Constructions and deformations of Calabi–Yau 3-folds in codimension 4
arxiv(2023)
摘要
We construct polarized Calabi–Yau 3-folds with at worst isolated canonical
orbifold points in codimension 4 that can be described in terms of the
equations of the Segre embedding of ℙ^2 ×ℙ^2 in
ℙ^8. We investigate the existence of other deformation families in
their Hilbert scheme by either studying Tom and Jerry degenerations or by
comparing their Hilbert series with those of existing low codimension
Calabi–Yau 3-folds.
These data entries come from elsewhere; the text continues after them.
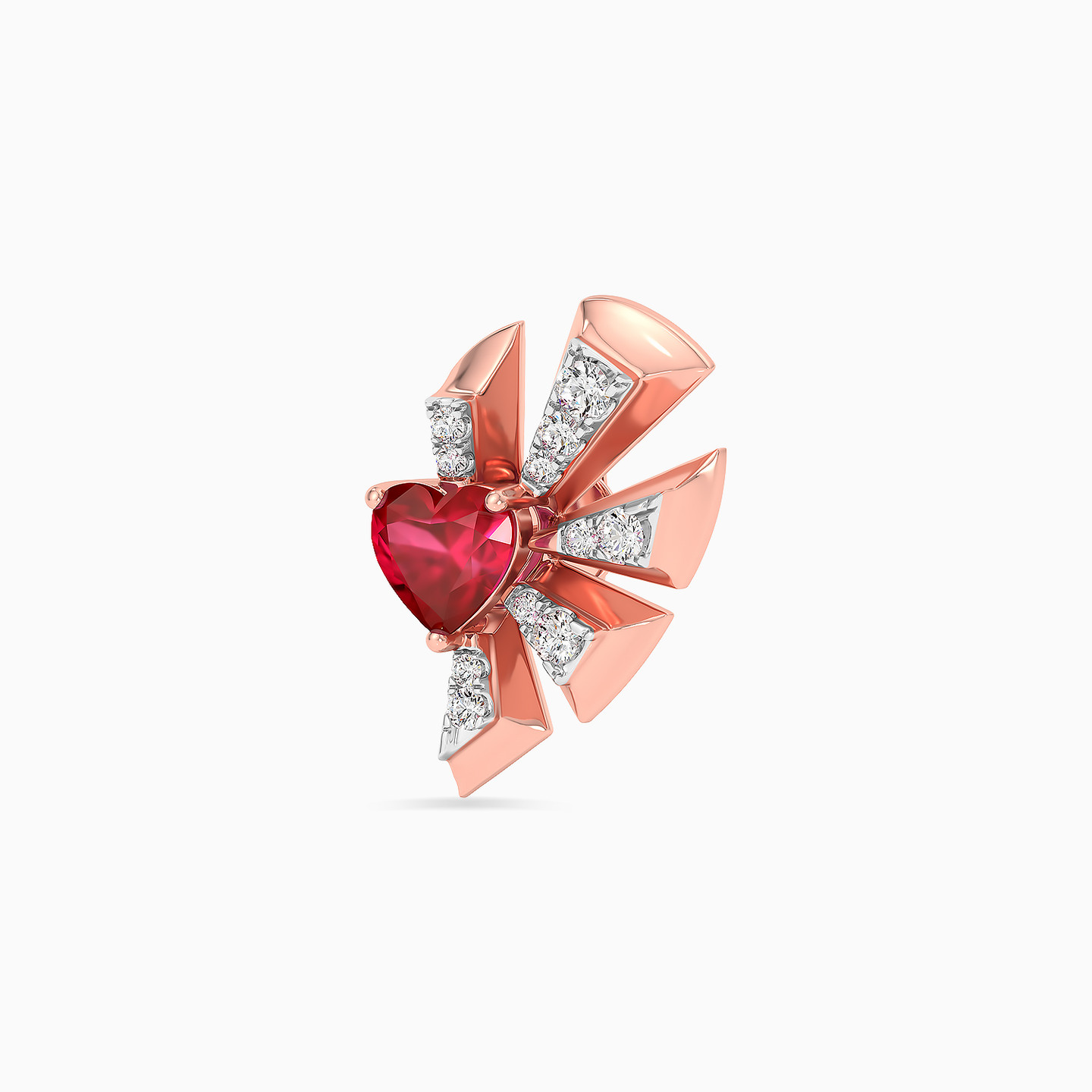 Steal the spotlight this Valentine's Day with these 18-karat rose gold stud earrings from L'azurde Diamonds - a love-infused spectacle! Each stud showcases a heart-shaped red colored stone, set on three prongs, and surrounded on one side by sassy geometric motifs bedazzled with brilliant cut diamonds. Combine the two studs, and voila! They join forces to form a sparkling heart, just like the union of two hearts in love! These earrings are not just jewelry, but a symbol of your romantic unity.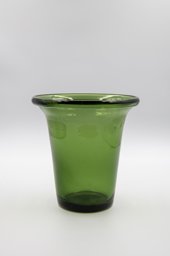 Verre vert soufflé en moule, lèvre évasée; forme: panse tronconique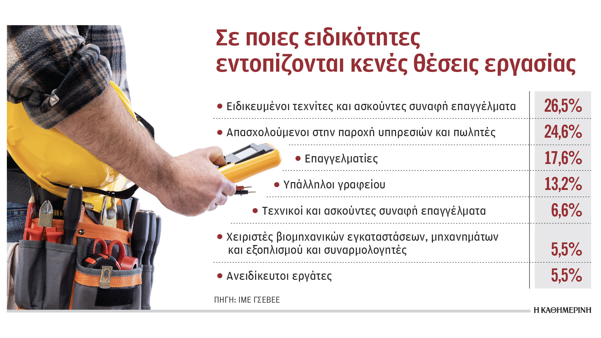 Την προηγούμενη δεκαετία, τη δεκαετία της κρίσης, οι άνθρωποι ήθελαν να δουλέψουν, αλλά δεν έβρισκαν δουλειά. Την τρέχουσα δεκαετία υπάρχουν θέσεις εργασίας, όμως αυτές μένουν κενές και μάλιστα όχι σε έναν κλάδο, αλλά σε πολλούς, από προγραμματιστές μέχρι οικοδόμους. Το ακόμη πιο ενδιαφέρον είναι ότι σε δυσχερή θέση –από την πλευρά των εργαζομένων– βρίσκονται τόσο αυτοί που έχουν πολύ λίγες δεξιότητες όσο και εκείνοι που έχουν υπερβολικά πολλές, οι λεγόμενοι και «υπερπροσοντούχοι», καθώς δεν προτιμώνται, αφού οι εργοδότες θεωρούν ότι δεν μπορούν να τους προσφέρουν την αμοιβή που τους αναλογεί και ότι στην πραγματικότητα θα προσλάβουν κάποιον συμβιβασμένο και χωρίς ενθουσιασμό για τη δουλειά του υπάλληλο. Πάντως και στην περίπτωση που οι εργοδότες θεωρούν ότι οι εργαζόμενοι έχουν λίγες δεξιότητες, δεν φαίνεται να κάνουν και πολλά, καθώς οι μισές επιχειρήσεις δεν εφαρμόζουν προγράμματα εκπαίδευσης και κατάρτισης. Τα συμπεράσματα αυτά προκύπτουν μεταξύ άλλων από τη μελέτη «Ποιες δεξιότητες αναζητούν οι επιχειρήσεις» που υλοποίησε το Ινστιτούτο Μικρών Επιχειρήσεων της Γενικής Συνομοσπονδίας Επαγγελματιών Βιοτεχνών Εμπόρων Ελλάδας (ΙΜΕ ΓΣΕΒΕΕ) σε συνεργασία με την εταιρεία ερευνών γνώμης GPO.
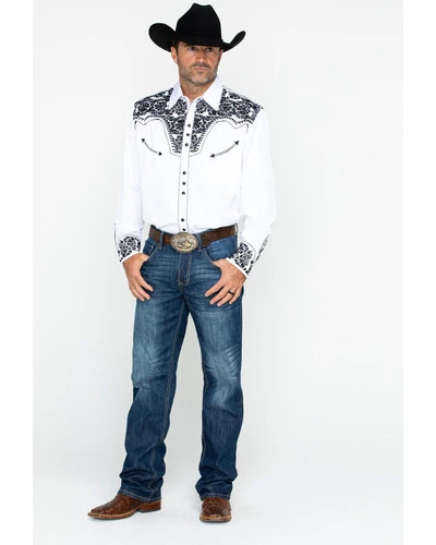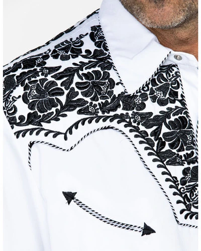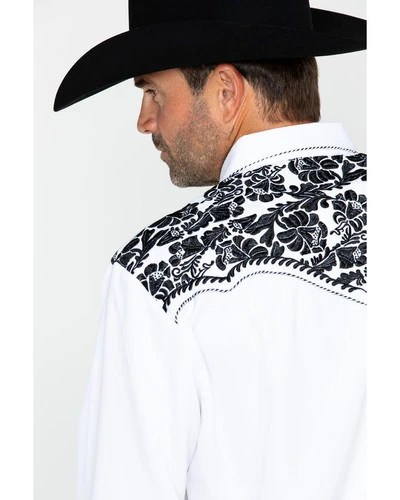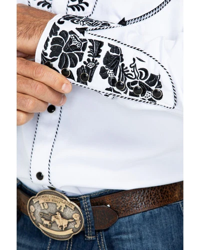 - Floral tooled embroidery on front, back, and cuffs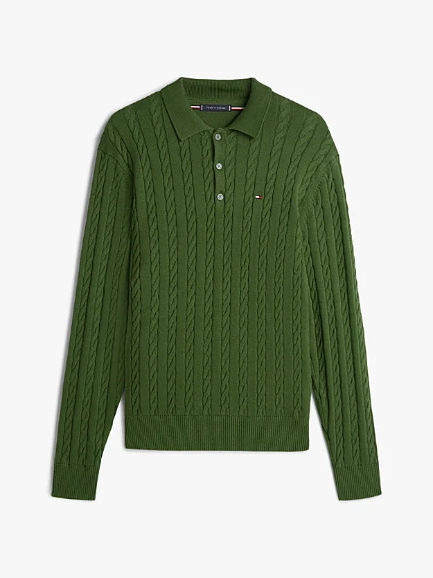 Elevate your cold-weather essentials with the Cable Knit Polo Jumper, a modern twist on a timeless classic. Crafted from soft, breathable cotton, this jumper combines a traditional cable-knit texture with a refined polo collar and button placket for a smart-casual aesthetic. The Mountain Pine green hue adds depth and versatility, making it a sophisticated layering piece for both office and weekend wear.

Among other interesting results, we find a family of
Calabi–Yau 3-fold with five distinct Tom and Jerry deformation families, a
phenomenon not seen for ℚ-Fano 3-folds. We compute the Hodge numbers
of ℙ^2 ×ℙ^2 Calabi–Yau 3-folds and corresponding
manifolds obtained by performing crepant resolutions. We obtain a manifold with
a pair of Hodge numbers that does not appear in the famously known list of
30108 distinct Hodge pairs of Kruzer–Skarke, in the list of 7890 distinct
Hodge pairs corresponding to complete intersections in the product of
projective spaces and in Hodge paris obtained from Calabi–Yau 3-folds having
low codimension embeddings in weighted projective spaces.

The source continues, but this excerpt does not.